We are going to build a Multi-Document RAG system from scratch using Python, LangChain, and Ollama. It sounds complex, but I promise you, it’s just a series of logical steps.

We’ll use LangChain for orchestration, Chroma for storage, and Ollama to run the Llama 3 model locally.

First, install these libraries. In your terminal, run:

pip install langchain langchain-community langchain-huggingface langchain-chroma langchain-ollama pypdf

You’ll also need Ollama running locally with the Llama 3 model.
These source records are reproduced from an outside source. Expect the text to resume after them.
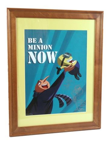 Direct from the promotions department of Universal Studios, comes a framed and autographed drawing of "Gru" played by Steve Carell from the hit animated feature film Despicable Me. It states "Be A Minion Now" and this special drawing collectible is not available to the general public and is in a wood frame with glass cover. Measures approximately 27 1/2" x 21 1/2".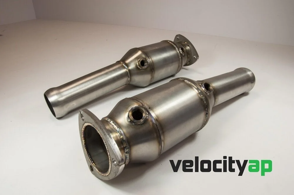 The cats (or cat delete pipes) are specific to each side, so make sure you're putting the correct one in each place or they won't line up properly. You can see in the pic below that VelocityAP identifies each side with "LHS" (left-hand side) and "RHS" (right-hand side). Keep in mind, the side is based on the driver's perspective. In the US, we have left-hand drive (LHD) cars because the driver is on the left-hand side of the car while driving the car. The cars in the UK are right-hand drive (RHD). So, the LHS catalyst goes on the driver's side of the car in a US car.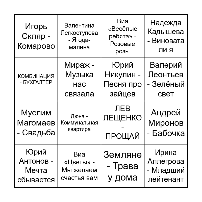This bingo card has 24 words: Эдита Пьеха - Наш сосед, Виа «Синяя птица» - Там, где клён шумит, Валерий Леонтьев - Зелёный свет, Виа «Самоцветы» - Всё, что в жизни есть у меня, КОМБИНАЦИЯ - БУХГАЛТЕР, Игорь Скляр - Комарово, Мираж - Музыка нас связала, Валентина Легкоступова - Ягода-малина, Виа «Цветы» - Мы желаем счастья вам, Ярослав Евдокимов - Фантазёр, Муслим Магомаев - Свадьба, ЛЕВ ЛЕЩЕНКО - ПРОЩАЙ, Браво - Вася, ЭДУАРД ХИЛЬ - ТРОЛОЛО, Юрий Никулин - Песня про зайцев, Игорь Корнелюк - Билет на балет, Земляне - Трава у дома, Виа «Весёлые ребята» - Розовые розы, Дюна - Коммунальная квартира, Андрей Миронов - Бабочка, Юрий Антонов - Мечта сбывается, Ирина Аллегрова - Младший лейтенант, Надежда Кадышева - Виновата ли я and Ольга Зарубина - На теплоходе музыка играет.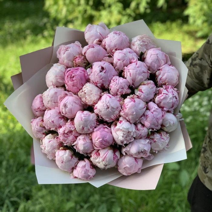 Лента атласная – 1 шт.Пион Сара Бернар – 39 шт.Упаковка дизайнерская – 4 шт.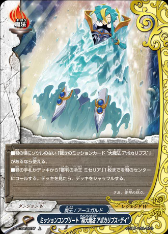 - When this card enters the field during a final phase, if there are sixteen or more cards in your opponent's drop zone, nullify the abilities of all other cards on the field and destroy them.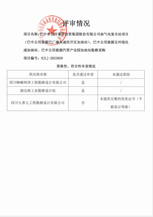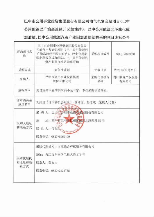 巴中市公用事業(yè)投資集團股份有限公司油氣電復(fù)合站項目(巴中公用能源巴廣渝高速經(jīng)開區(qū)加油站)、巴中公用能源北環(huán)線化成加油站、巴中公用能源汽貿(mào)產(chǎn)業(yè)園加油站勘察采購廢標(biāo)公告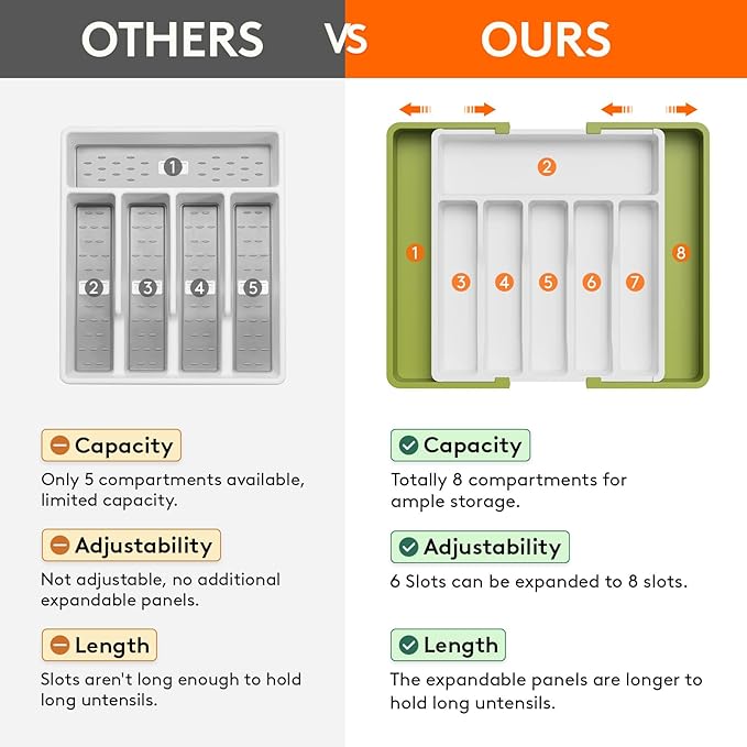 - Sort Your Silverware: With a total of eight compartments for easy sorting and storage, this kitchen drawer organizer allows you to easily recognize, identify & pick up the items you need for use
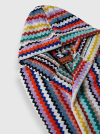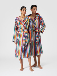 The Riverbero bathrobe embodies the distinctive elegance and comfort of MissoniHome. Made of soft cotton terry, it features the inimitable zigzag pattern that catches the eye and adds a touch of liveliness to everyday life. Complete with waist belt, hood and patch pockets, the model offers not only practicality, but also an iconic style that conveys the brand's unique essence. MORE DETAILS - Cotton terry bathrobe - Zigzag pattern - Waist belt - Hood - Patch pockets Composition: EXTERNAL:100%Cotton Care instructions: Ironing maximum temperature 150°C ; Do not dry clean ; Tumble drying at lower temperature ; Wash max 40°C ; Do not bleach Made in: Portugal Product ID 1D3AC99704100

After installing Ollama, run ollama pull llama3.

Step 1: Loading the Raw Knowledge

First, gather your source materials. We need to extract text from PDF files. PyPDFLoader is a good choice because it handles the tricky formatting of PDFs well:

import os
from langchain_community.document_loaders import PyPDFLoader

def load_documents(folder_path: str):
    if not os.path.exists(folder_path):
        raise FileNotFoundError(f"Folder '{folder_path}' does not exist")

    documents = []
    for filename in os.listdir(folder_path):
        if filename.endswith(".pdf"):
            file_path = os.path.join(folder_path, filename)
            print(f"📄 Loading: {filename}")
            try:
                loader = PyPDFLoader(file_path)
                documents.extend(loader.load())
            except Exception as e:
                print(f"❌ Error loading {filename}: {e}")
    return documents

Data is rarely perfect. Make sure your loading logic skips non-PDFs and handles errors, so your pipeline keeps running even if one file is bad.

Step 2: Chunking

You can’t give a 100-page document to an LLM all at once because it goes over the memory limit. So, we need to break it into smaller parts.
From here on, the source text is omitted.